On January 17, 2008 the Fine Arts Gallery of Uzbekistan, with support from “ISTE’DOD” Foundation, hosted a personal exhibition of Kamoljon Babaev titled “On the Sunny Side”. The year 2008 in the country has been proclaimed to be the Year of the Youth, and the presentation of the young master’s creative work is particularly relevant in this regard.

Of yore, the East has been the meeting place of different cultures that engaged in a dialogue with one another, generating various forms of symbiosis and developing a common language of communication. As a result, a unique culture evolved, the essence of which was expressed by Academician N. Konrad in his metaphoric and capacious statement: “In the East the basic idea of the humankind -universalism – is evident” (1).
In the late 1990s, when stylistic and graphic priorities in Uzbekistan art began to change, the theme of interaction between West and East became increasingly prominent.

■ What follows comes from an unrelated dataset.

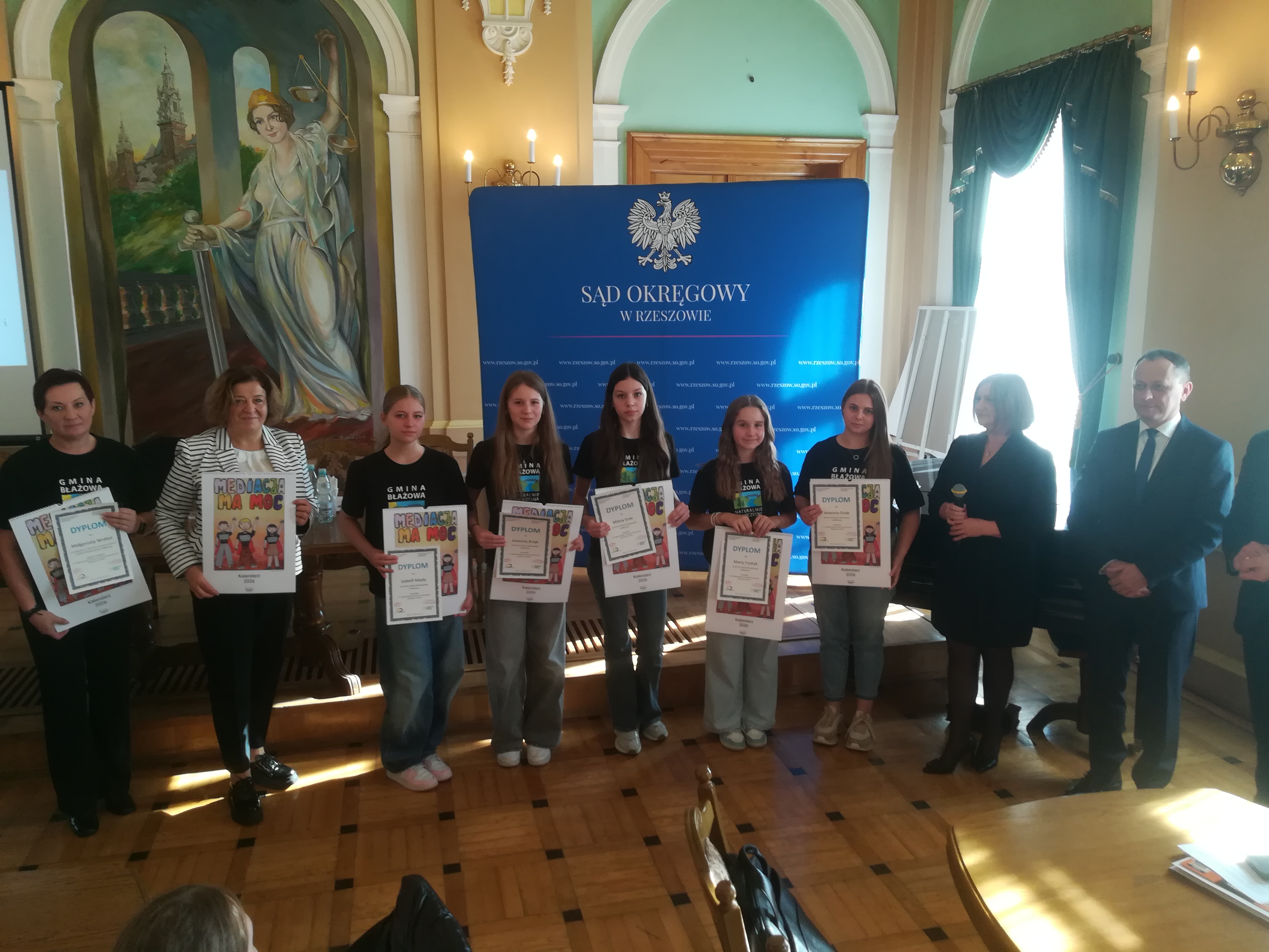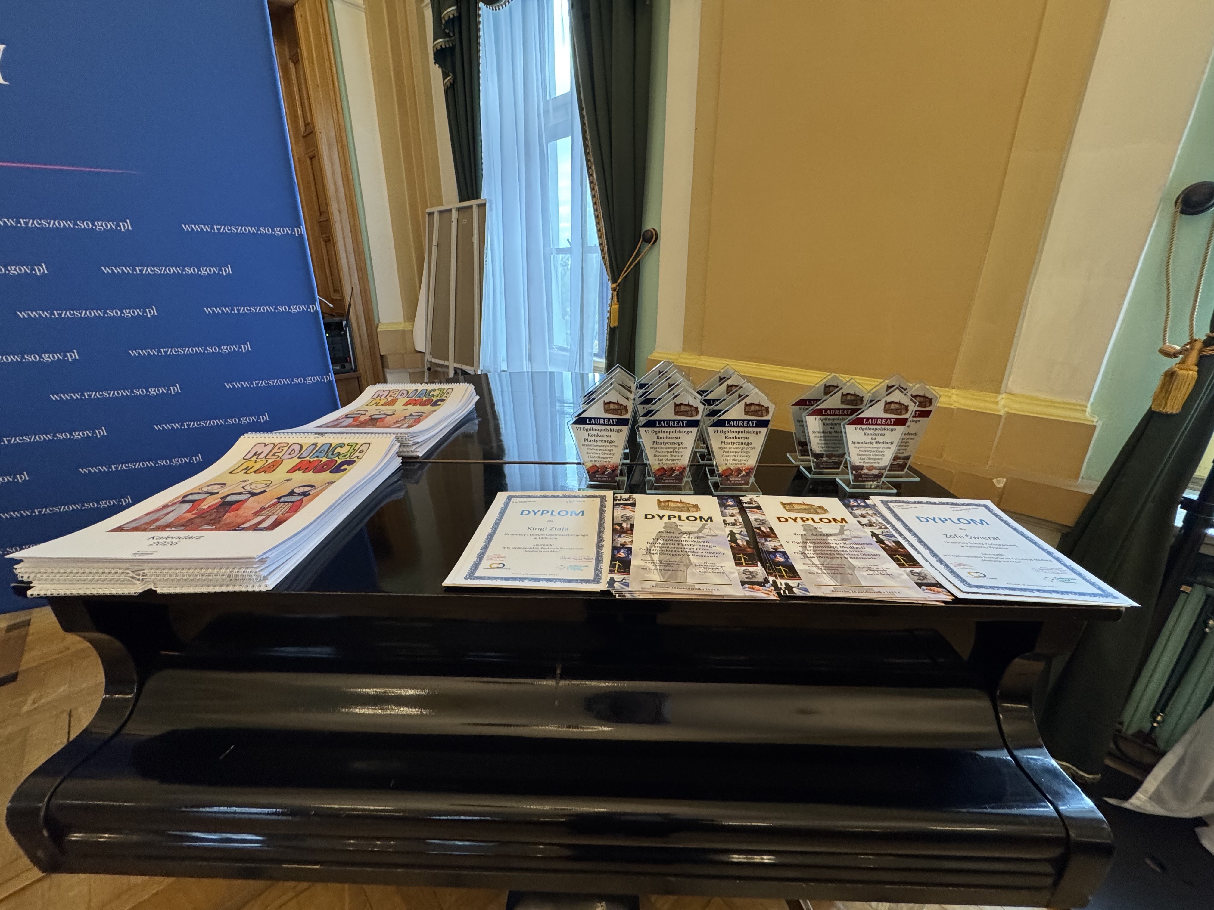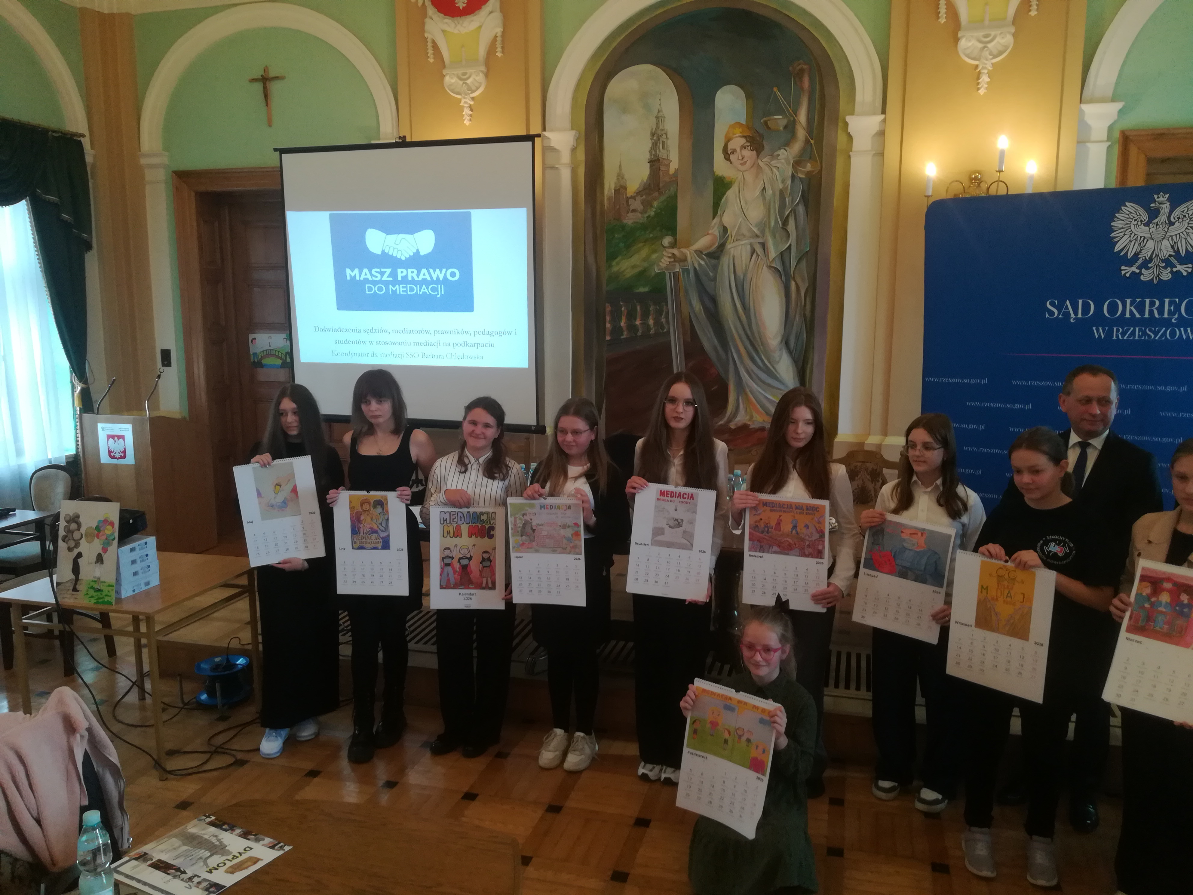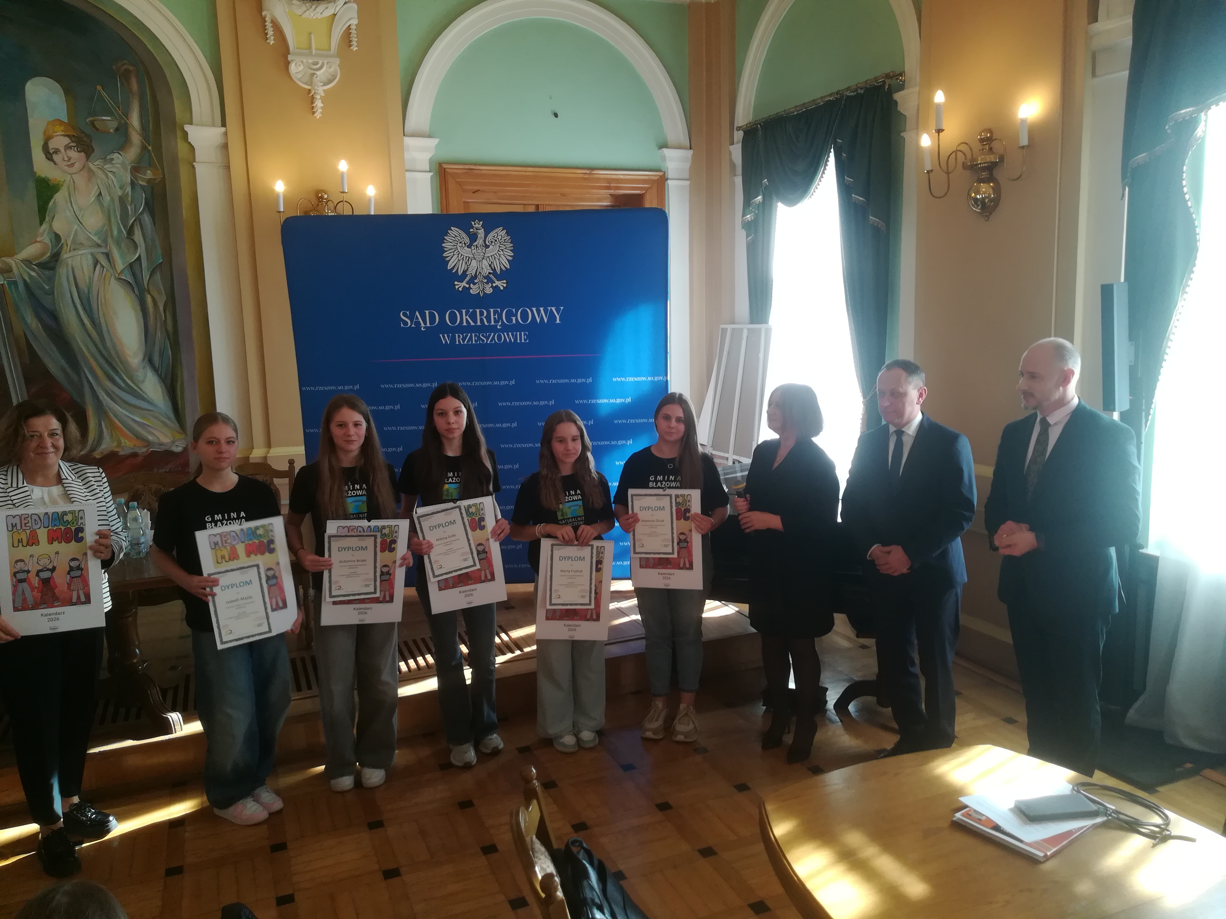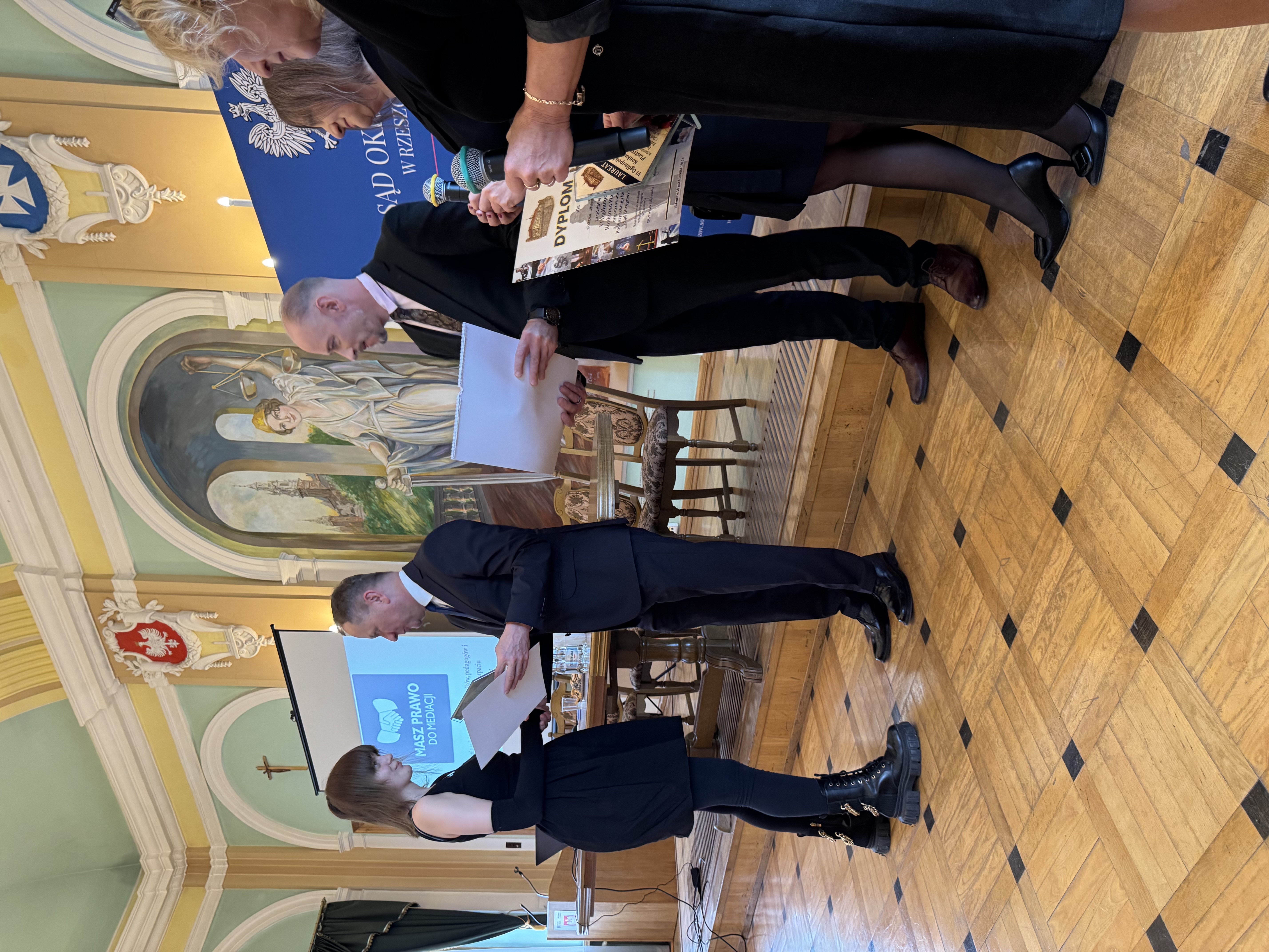 Podczas konferencji wręczono nagrody zwycięzcom VI Ogólnopolskiego konkursu plastycznego i V Ogólnopolskiego konkursu na symulację mediacji organizowanego przez Podkarpackiego Kuratora Oświaty oraz Sąd Okręgowy

Among the young generation of Uzbekistan artists, the idea of multicultural interaction is most vividly presented in the art of Kamoljon Babaev. Babaev was born in 1978. In 1996-1998 he studied at the National Institute of Arts and Design named after K. Bekhzad, at the Department of Monumental Painting. In 1998, being awarded the Umid grant instituted by the President of the Republic of Uzbekistan, Kamoljon entered the Aldo Galli Fine Arts Academy in Como (Italy) and graduated from it in 2002, having earned master’s degree in painting. During his four years of study the artist held several personal exhibitions in the cities of Italy such as Milan, Siena, Como, Erbe, Cassina Rizzardi, Olgiate Comasco. He also participated in a number of international graphics and painting contests, winning awards.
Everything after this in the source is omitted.